I am getting baffled by how copying a Numpy array works in Python. I start with the following:

import numpy as np
p = np.array([1.0, 0.0, 1.0, 0.3])

Then I try to make "copies" of p using the following three methods:

q = p
q1 = p[:]
q2 = p.copy()

Now I execute q1[2] = 0.2, and then check the values of q, q1, and q2. I was surprised to find that p, q, and q1 all changed to array([1.0, 0.0, 0.2, 0.3]), while only q2 remains invariant. I have also used id() to check the address of all four variables (p, q, q1, q2), and have confirmed that id(p) = id(q), but id(q1) != id(p).

My question is, if id(q1) != id(p), how can a modification of q1 alters p and q? Thanks!

Jacques Gaudin
  • 15,779
  • 10
  • 54
  • 75
Xiao
  • 99
  • 3
  • 1
    2 objects with unique IDs can still access shared memory – byxor Mar 26 '20 at 13:26
  • @byxor Thanks for your quick reply! Then what does this ID refer to? I thought id(x) checks the memory location of x, no? – Xiao Mar 26 '20 at 13:27
  • `[...][:]` makes a (shallow) copy of the list because that's how `list.__getitem__` is defined. `np.array.__getitem__` is defined differently. – chepner Mar 26 '20 at 13:44
  • @Xiao Correct. Although there's nothing to stop 2 objects with separate memory addresses from modifying 1 piece of shared memory. E.g. if 2 instances of a class contain a reference to a list, the instances will have separate IDs but they will both manipulate the same underlying memory (of the list). – byxor Mar 26 '20 at 13:50
  • @byxor I see. That's very helpful. Thanks! – Xiao Mar 26 '20 at 16:09

2 Answers2

8

The documentation of Numpy states:

All arrays generated by basic slicing are always views of the original array.

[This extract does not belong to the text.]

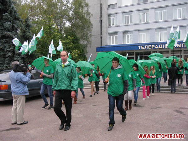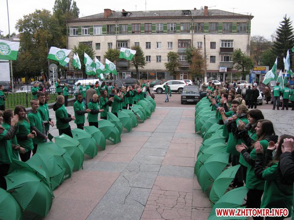 9 жовтня лідер Української партії «Зелена планета» також провів зустріч з житомирянами в залі Телецентру. Перед цим заходом молоді активісти «Зеленої планети» влаштували видовищний «зелений» флеш-моб.

Therefore q1 in your case is a view of p and reflects the changes made to p.

Jacques Gaudin
  • 15,779
  • 10
  • 54
  • 75
5

Because you are using a simple slicing operation, numpy will use a shared memory view of the resulting slice of the array. In this case it is the entire array. They are referenced by different python objects, but the underlying numpy array is the same. q1 is just a view into the same array that p is referencing.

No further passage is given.